It's the rabbit hole, and you are on your way down...  I see the world differently because of this guy... truly amazing.

Cheers.

I have an opinion on how 0=1...thought about this a long time ago, never been very useful though.

1, being a solitary object, cannot be compared, because there is nothing to  compare it to, and cannot be proven even to exist. Therefore it can equal 0.

Okay, perhaps that doesn't make any sense, but that is also OK.

Kel.

Ok,

These are the key points from the end of Chapter 18, Page 516-518:

- We "conceptualized" an interesting equation: the Primary Equation.  The first task was "fitting" the concept of space to the equation.  The problem was space behaved as though it possessed at least one characteristic, viz, that space expands according to the Big Bang Theory of the universe. (Tests of Special Relativity indicate space can expand and contract.)

- That space can expand and contract suggests it is characterizable as though it is a "something."  An immediate question was "how can space be defined as nothing and yet be characterized as though it were a something?" It seemed that space had to be defined as though it were both nothing (otherwise, how can we call it nothingness) and (also) something (in that it can expand and contract).  How can space both be nothing and not nothing (i.e. something)?  The issue of temporality also sneaks into any possible resolution.

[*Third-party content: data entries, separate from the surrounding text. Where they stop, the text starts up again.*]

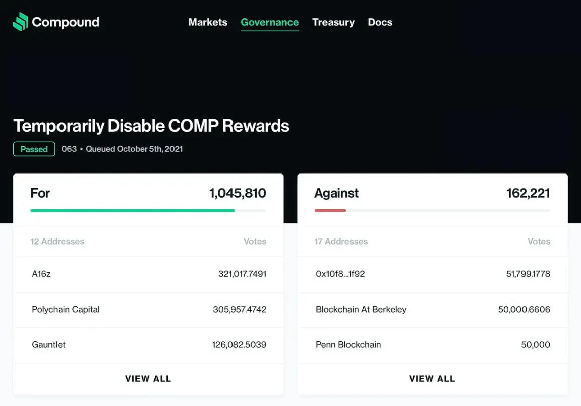 有 12 位民意代表投票赞成,另外 17 位投票反对。只不过去中心化治理计算的不是人数,而是 COMP 币的「票数」。终场以 100 万赞成票,对上 16 万反对票通过提案。
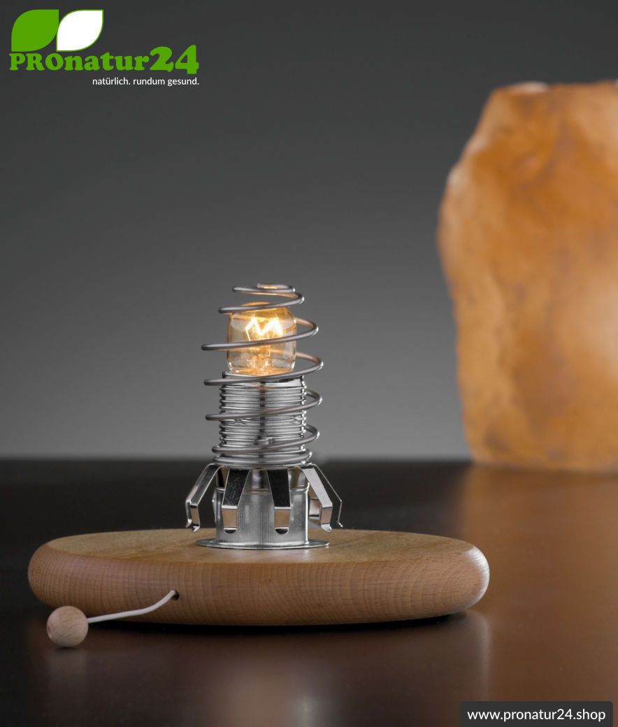 Bei der Salzkristalllampe empfehlen wir ein Leuchtmittel mit E14 Fassung mit maximal 15 Watt. Auch der Griff zur Halogenlampe mit G9 Fassung ist möglich. In diesem Fall ist der Adapter G9 auf E14 notwendig. Ein weiteres Detail ist das hohe elektrische Wechselfeld bei handelsüblichen Salzkristall Lampen.
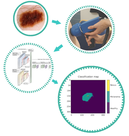 Kaavakuva hyperspektrikameratutkimuksesta. Tutkimuksessa ihomuutoksesta otettiin hyperspektrikuva, ja neuroverkkoanalyysi tarjosi kuvan perusteella muutoksen todennäköisimmän diagnoosin sekä piirsi muutoksesta karttamaisen kuvan.
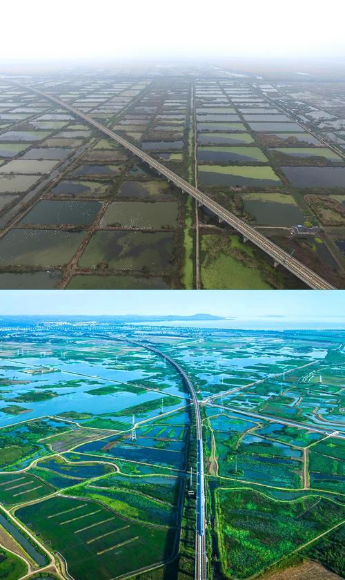 拼版圖片:圖為2011年和2023年鄱陽湖區(qū)的變化,曾經(jīng)湖區(qū)內分布有捕鳥網(wǎng),如今人與自然和諧共生的理念深入人心。攝影:傅建斌 周海燕 制作:賈稀荃

- We began our search for a deeper understanding of the basic nature of everything.  We settled on correlating space with the zero ("0") in the equation.  There is no other choice.  We acknowledge this concession despite not seeing how we could reconcile this complementary definition (of nothing -- something) with the Law of Contradiction.  How can the same (space) both be and not be?  Permitting such a realization violates the logical Law of contradiction.

- If the Law of Contradiction is violated, the very understanding of consistency becomes the issue.  This realization forced us to examine logic.

- We said one (1) represented the unity of Reality.  We could say unity is "space-time."  The next question is how can the other two factors of the equation "explain" unity?  After saying zero represents space, we are left to say the infinity factor represents time.  (We continue our quest to understand the nature of time in the next chapter.)

- Unity is the constant of proportionality.  Zero represents "actual" infinity.  The infinity factor represents "potential" infinity (1,2,3,. . . ). Actual infinity includes potential infinity.  How else can the equation be interpreted? Unity signifies completed Reality (space-time). Reality is constituted of two aspects.   Space (zero aspect) includes the infinite (infinity aspect) energy of the vacuum.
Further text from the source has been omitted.